_Exercise description_
Reproduce word for word every line from the one containing "ящиков — 385 мм." to the final line of the data below; omit the pictures.

_Records for the task_
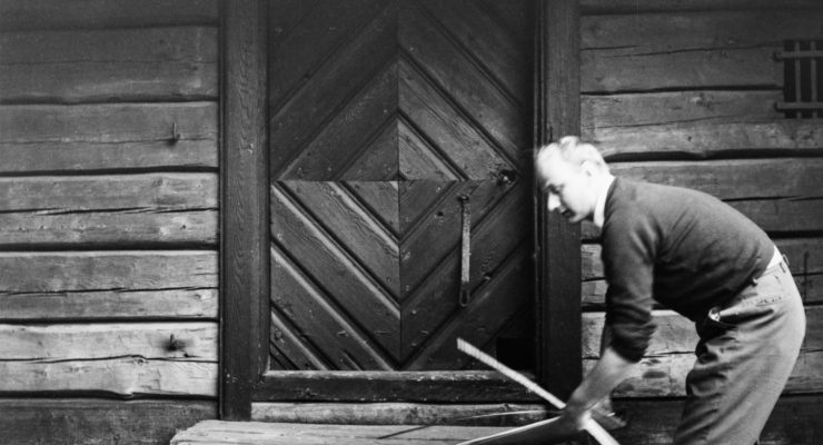 Piirtäjä Eero Jama työssään dokumentoimassa Kiskon Mommolan kartanoa 1968. Kuva: Elias Härö, Museovirasto (RHO469645).
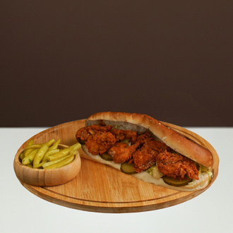 Süt ekmek arası tavuk döner (80 gr). Domates, marul, patates kızartması, ketçap, mayonez ile hazırlanır. Biber turşusu ile servis edilir.
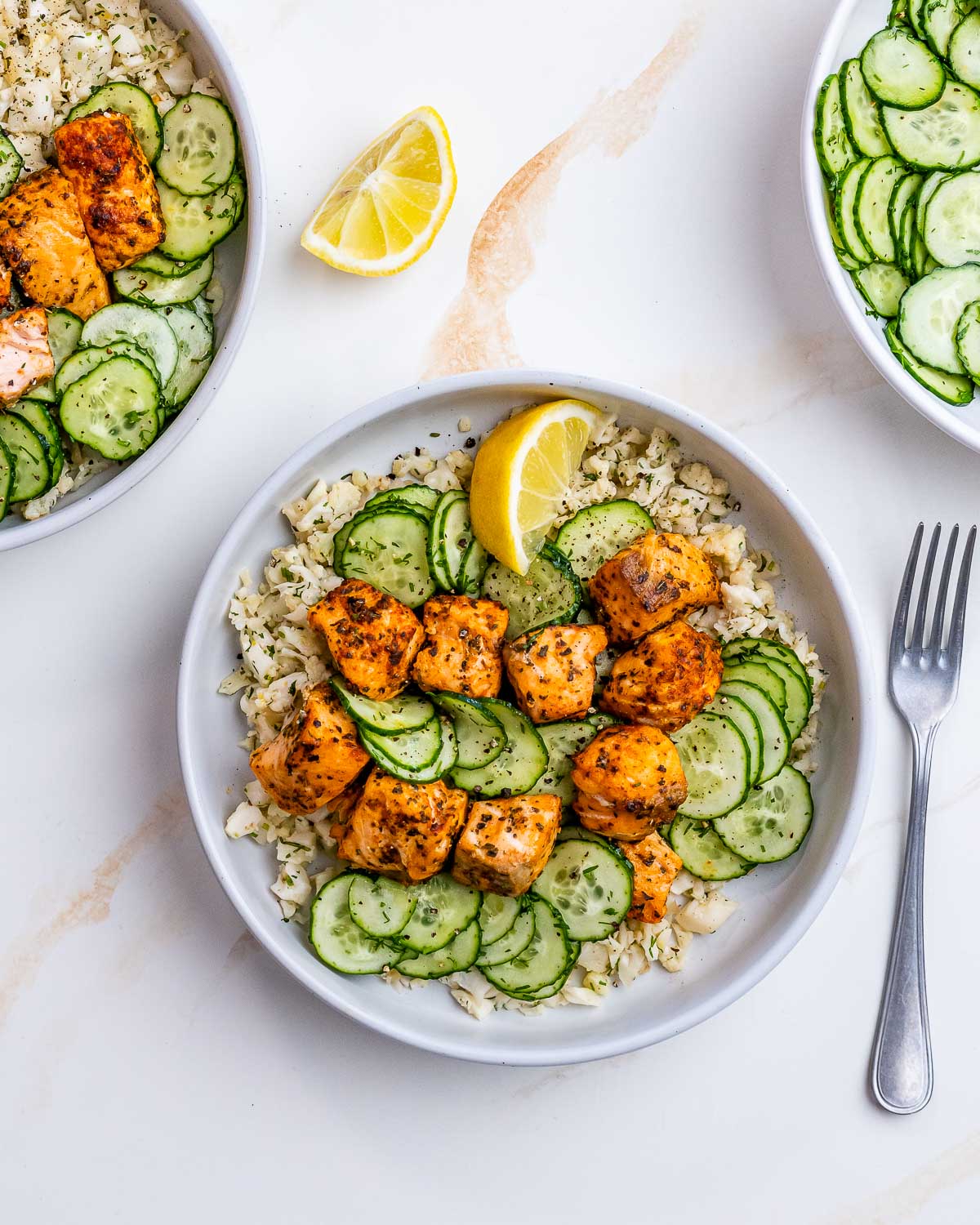 Dive into perfectly seasoned tender-crispy salmon bites combined with the refreshing crunch of cucumber, all atop a bed of fluffy fried cauliflower rice. It’s an excellent blend of protein, healthy fats, and veggies that will leave you feeling nourished and satisfied.
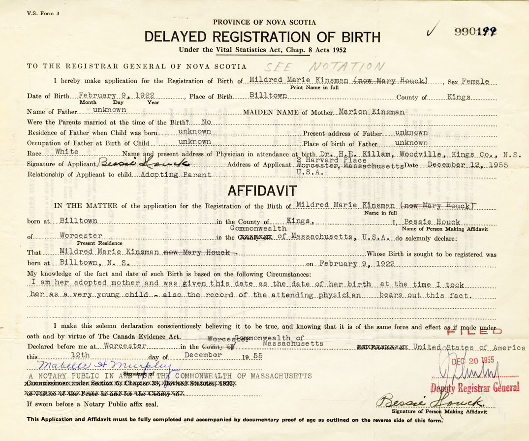 IN THE MATTER of the application for the Registration of the Birth of Mildred Marie (Mary)Kinsman (now Houck)
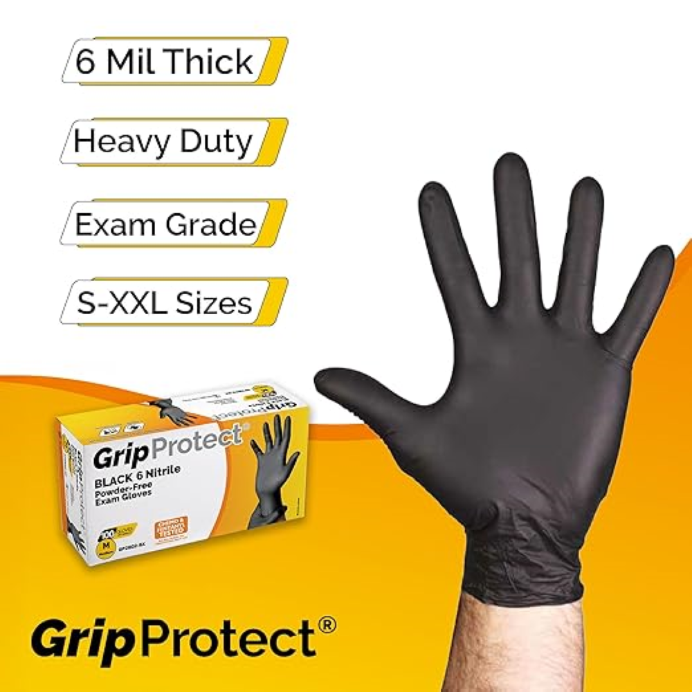 GripProtect 6 Mil Black Nitrile Powder-Free Exam Gloves
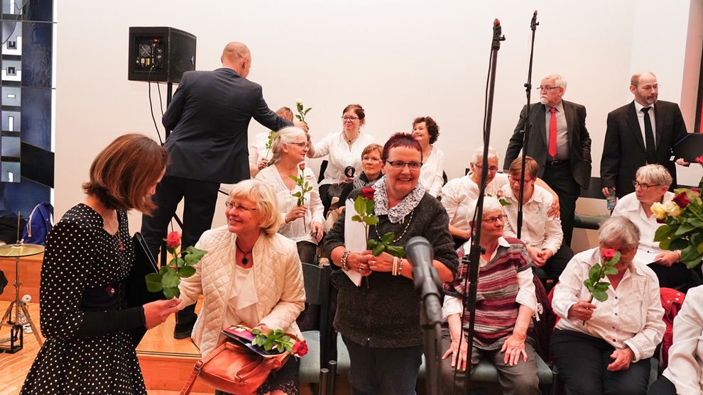 Beim auf das Gespräch und einen Pressetermin folgenden Jahresempfang stellte der Projektchor der Stiftung einen umfangreichen Teil des Programms. 35 Sänger*innen, die von einer Band live begleitet wurden, trugen Auszüge aus dem Musical Martin-Luther–King vor. Der Bürgermeister von Lemgo Dr. Reiner Austermann hielt ein Grußwort, in dem er betonte, wie gern er Gast der Stiftung sei. Der Theologische Vorstand Pastor Dr. Bartolt Haase gab einen Überblick auf Schlaglichter der Stiftungsentwicklung wie die aktuellen Bauprojekte, den Umzug der Verwaltung in ein ehemaliges Wohnheim, das umfangreich saniert wurde, und Änderungen auf der Leitungsebene. Auch auf das Thema „10 Jahre UN-Behindertenrechtskonvention“ und den starken Impuls, den die Konvention auch für die Entwicklungen in Eben-Ezer gibt, ging er ein. „Der Impuls der UN-Konvention hin zu einer inklusiven Gesellschaft ist unverkennbar. Er ist nachhaltig und kraftvoll“, stellte er fest – allerdings mit Einschränkungen: „Trotzdem gibt es natürlich auch die andere Seite: auch 10 Jahre nach Verabschiedung der UN-Konvention sind wir von der selbstverständlichen und vollen Teilhabe an vielen Stellen der Gesellschaft noch weit entfernt.“
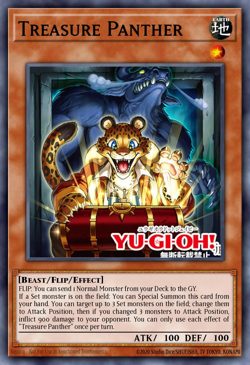 FLIP: You can send 1 Normal Monster from your Deck to the GY. If a Set monster is on the field: You can Special Summon this card from your hand. You can target up to 3 Set monsters on the field; change them to Attack Position, then if you changed 3 monsters to Attack Position, inflict 900 damage to your opponent. You can only use each effect of "Treasure Panther" once per turn.
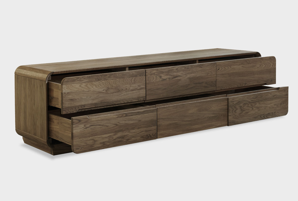 ✅ Изделие оснащено 6 вместительными выдвижными ящиками, в которых удобно хранить кабели, пульты, журналы, диски или даже текстиль. Глубина ящиков — 385 мм.
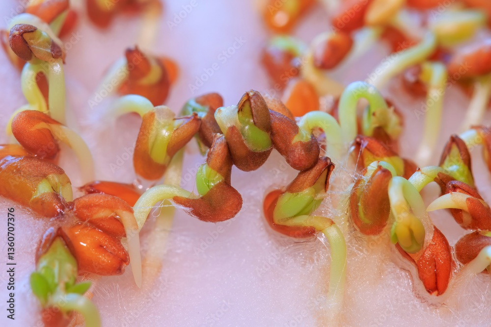 Cress seeds germinating on a cotton wool substrate two days after sowing; cress, rich in microelements, grown at home.
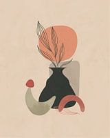 Minimalistisch stilleven van een tak met bladeren - getekend met inkt - in een donkergrijze vaas, omringt van organische vormen in variaties van grijs en terracotta rood. De achtergrond is beige. De illustratie is met aquarelverf geschilderd met een zichtbare textuur.
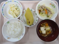 豚肉とキャベツのみそ炒め マカロニサラダ 白はんぺんのすまし汁 ごはん バナナ |

_Finished exercise_
 ✅ Изделие оснащено 6 вместительными выдвижными ящиками, в которых удобно хранить кабели, пульты, журналы, диски или даже текстиль. Глубина ящиков — 385 мм.
 Cress seeds germinating on a cotton wool substrate two days after sowing; cress, rich in microelements, grown at home.
 Minimalistisch stilleven van een tak met bladeren - getekend met inkt - in een donkergrijze vaas, omringt van organische vormen in variaties van grijs en terracotta rood. De achtergrond is beige. De illustratie is met aquarelverf geschilderd met een zichtbare textuur.
 豚肉とキャベツのみそ炒め マカロニサラダ 白はんぺんのすまし汁 ごはん バナナ |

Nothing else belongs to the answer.